We had a peculiar summer in the UK – much of it grey and damp. It was frequently cold, and didn’t feel like a ‘proper’ summer at all. So my ideas of the season and the actuality of it didn’t match up either. Now autumn is here. Truly here. Misty mornings, leaves changing colour, and although it’s been hotter than usual, it does, definitely, feel like autumn. I also feel like I’m here, for the first time this year. It is autumn for me on the inside as well. I am feeling the sweet sadness of letting go, that strange appreciation for melancholy inherent in the ephemeral beauty of things. Apparently the Japanese have a word for this, but we don’t.

There are still chicks. The moorhens in particular had late broods, so plenty of the younger birds are still fuzzy, barely adult. They don’t look even slightly autumnal, and being smaller will no doubt have a harder time of it when we enter the lean wintery weeks. Living so very close to nature this year has made me realise that a lot of the time, ‘nature’ does not conform to our simple wheel of the year story either. Living things do what they can, when they can. Sometimes that works, and other times it doesn’t.

My early encounters with Druidry involved a lot of instruction about how I was ‘supposed’ to engage with the cycle of the seasons and how I ‘should’ be feeling and behaving at different times of the year. I’m becoming ever more confident about rejecting that model. It belongs to an urban paganism that mostly stays indoors and imagines what nature is doing ‘out there’ and attunes to that imaginary perception. Before I lived on the boat, I had no idea of all the things I did not know about the cycles of the seasons, and the fine details of living. In fairness to me, I knew a lot, but it was nothing compared with what there is to know. Nature has taught me a lot this year, not least that it is not a single, coherent thing, but the total of many lives, energies and intentions all rubbing along together. No one told the moorhens that spring was the time for new things and autumn the time for dying away.

The complexity of the natural world – of which we are very much a part – is beautiful. It is full of wonder, surprise and mystery. If we let ourselves believe that we understand it, know how it works and are in tune with it, we can miss so much. I thought I knew. I thought, being outdoors every day and paying attention to the trees and birds, I had a fair understanding, but I had barely scraped the surface. Thinking I was some kind of expert and finding myself to be a total novice has been a really good learning experience. It’s re-opened my eyes for me, made me look closer, and stop for longer to listen. I’ve re-learned how not to assume that I know. Embracing my ignorance, I go out with new openness and see things I might otherwise have missed.

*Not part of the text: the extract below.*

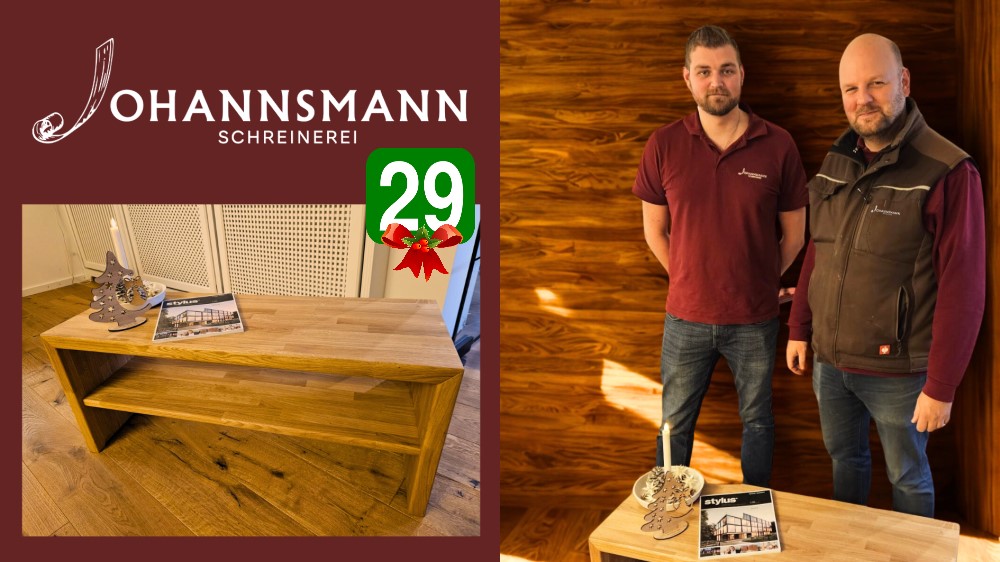 Am heutigen 29. Dezember kannst Du mit der Schreinerei Johannsmann gemütlich Platz nehmen, denn hinter dem neunundzwanzigsten von insgesamt 31 „Kläppchen“ des Advents- & Silvesterkalenders verbirgt sich eine Sitzbank aus Eiche (Maße: 1 m lang, 40 cm tief und 45 cm hoch).

I Tai Chi, when you have learned the series of movements, what you do is go back to the beginning, to the simplest, most basic of moves, and learn them again. You learn them more deeply, with more attention to detail, bringing the knowledge gleaned from the first cycle of learning back to the very beginning. There is no end to this, no point of achieving sufficient insight that you can quit learning and call yourself an expert. I think Druidry is the same.